Also, I'm pretty sure junior devs can use directing a LLM to learn from mistakes faster. Let them play. Soon enough they're going to be better than all of us anyway. The same way widespread access to strong chess computers raised the bar at chess clubs.

rootnod3•1mo ago

I don't think the chess analogy grabs here. In chess, you play _against_ the chess computer. Take the same approach and let the chess computer play FOR the player and see how far he gets.

fluidcruft•1mo ago

Maybe. I don't think adversarial vs not is as important as gaining experience. Ultimately both are problem solving tasks and learning instincts about which approaches work best in certain situations.

I'm probably a pretty shitty developer by HN standards but I generally have to build a prototype to fully understand and explore problem and iterate designs and LLMs have been pretty good for me as trainers for learning things I'm not familiar with. I do have a certain skill set, but the non-domain stuff can be really slow and tedious work. I can recognize "good enough" and "clean" and I think the next generation can use that model very well to be become native with how to succeed with these tools.

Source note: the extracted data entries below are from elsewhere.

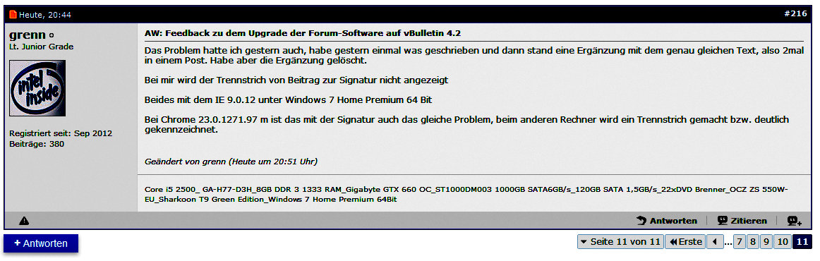 Ich habe den Kontrast beim Monitor jetzt von 95 auf 65 gesetzt, jetzt kann man es wenigstens leicht erkennen, hatte das auch nicht nur hier bei Computerbase sondern mir ist das auch gestern bei dem neuen Ebay Design aufgefallen, wo die Suchleiste nicht zusehen war. Aber jetzt nachdem ich den Kontrast runter gestellt habe geht das schon.
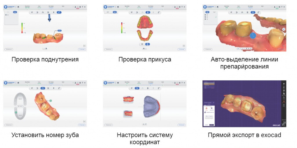 Shining 3D предлагает своим пользователям набор клинических инструментов, которые помогают стоматологам предварительно обработать полученные данные и оценить результаты. Врач может определить линию прикуса, пронумеровать зубы, настроить систему координат и экспортировать данные в программу для стоматологов Exocad.
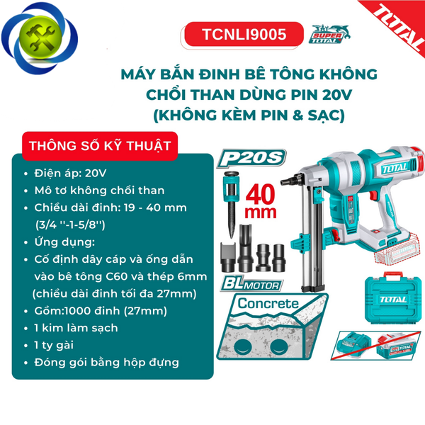 Máy Bắn Đinh Bê Tông TOTAL TCNLI9005 Không Chổi Than Dùng Pin 20V (Không Kèm Pin & Sạc)

Let me put it this way: people don't have to be hired by the best companies to gain experience using best practices anymore.

pdntspa•1mo ago

My last job there was effectively a gun held to the back of my head, ordering me to use this stuff. And this started about a year ago, when the tooling for agentic dev was absolutely atrocious, because we had a CTO who had the biggest most raging boner for anything that offered even a whiff of "AI".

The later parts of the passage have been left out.